Understanding Mass Interactions in Online Sports Viewing: Chatting Motives and Usage Patterns

Author(s): Minsam Ko, Seungwoo Choi, Joonwon Lee, Uichin Lee, Aviv Segev
Venue: ACM Transactions on Computer-Human Interaction
Date: February 2016

Type of Experiement: Survey/Multi-Case Study
Sample Size: 1123
Class/Experience Level: Graduate Student
Participant Selection: responded to survey after invited
Data Collection Method: Survey


The authors’ purpose in this article is to find a deeper understanding of mass interactions, specifically in online sports viewing, in regards to interactive experiences, usage motives, and the relationships between usage patterns and motives. This study helps offer better design decisions involved in mass interactions.

The study was conducted through an analysis of 6 million chats on Naver Sports in Korea and 1,123 users that provided answers to a survey. In this study, the chats were observed quantitatively and qualitatively. This means that the number of chats sent throughout a sports game was observed and also the topics of those chats were observed. In reference to the survey, the participants were chosen based on their large contributions to chats on Naver Sports. About 2,000 people were invited and 1,123 users responded. The questions were free-text formatted. From the answers given to the survey the people conducting the survey organized the results into like categories.

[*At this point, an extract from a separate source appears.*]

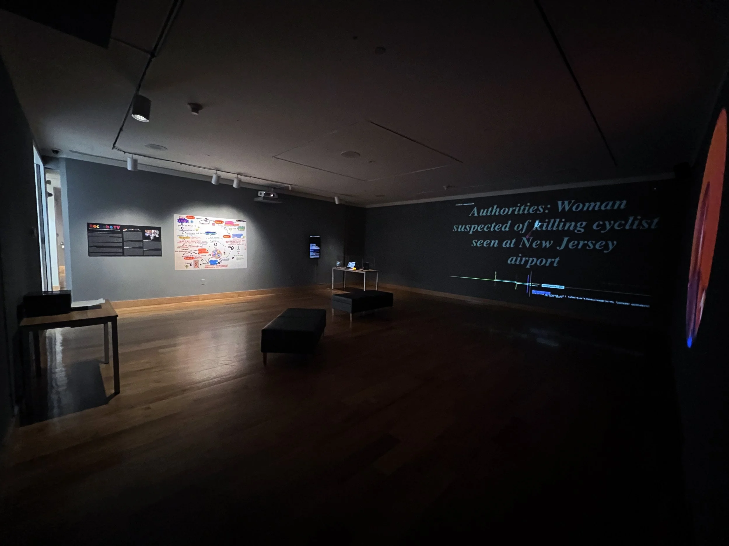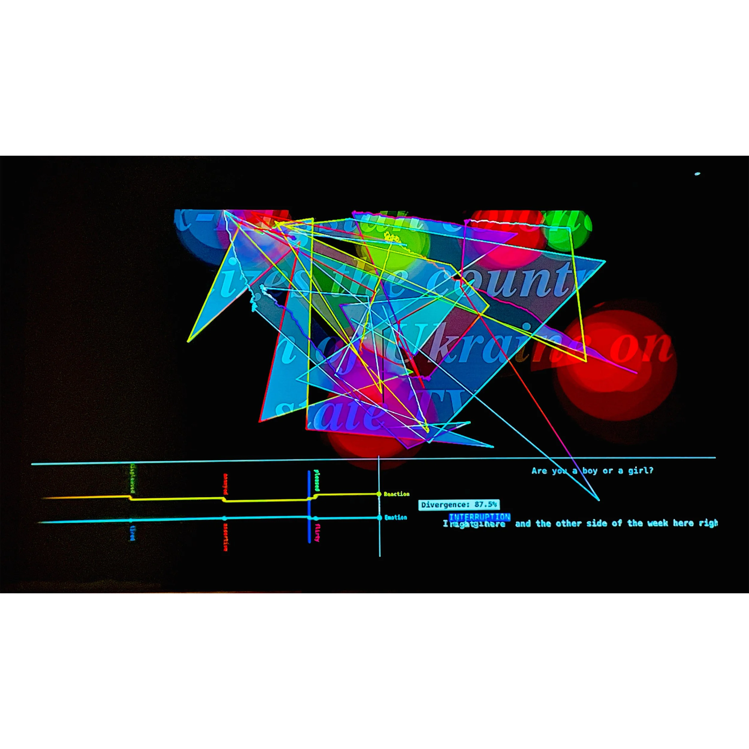 PRESS RELEASE EXCERPT>> Bringing together real time events, collaged footage, global patterns of journalistic story-telling, chatbot AI, and appropriated human commentary, Rec Lobe TV portrays several ‘intelligences’ attempting to make sense of each other and the world at large. In ways both fascinating and terrifying, the slippages that perpetually dislodge any emergent logic send us down the rabbit hole. Each output (projection, graphs, media, web browsing) represents a specific method through which we, as human beings, attempt to understand the world via the media around us, and, simultaneously, how these same media cycles can confuse, obfuscate, and ultimately cause us to lose our senses of self. While there are parameters within which RLTV operates, our collective forfeits a significant degree of agency to the system we create, embracing the unpredictable at each step, as the moment-to-moment outcome cannot be anticipated. Simultaneously humanistic and technological, Rec LobeTV advances our investigation of the uncanny entities that shape our lives.

The experiment was able to find information that can help make better design decisions on mass interactions. One major factor from the experiment is that they found chat navigation confusing and overwhelming. The authors suggested that this can be changed by categorizing chats or filtering chat data. Also, they found that it is important to users that presence awareness of co-viewers is important.

Overall, the key motives for mass interaction in sports viewing were: sharing feelings, entertainment, sharing information, and wanting to feel a part of a group. This study was able to take online sports viewing and break it down in order to understand the users’ motives, which helps find design patterns fitting this type of mass interaction.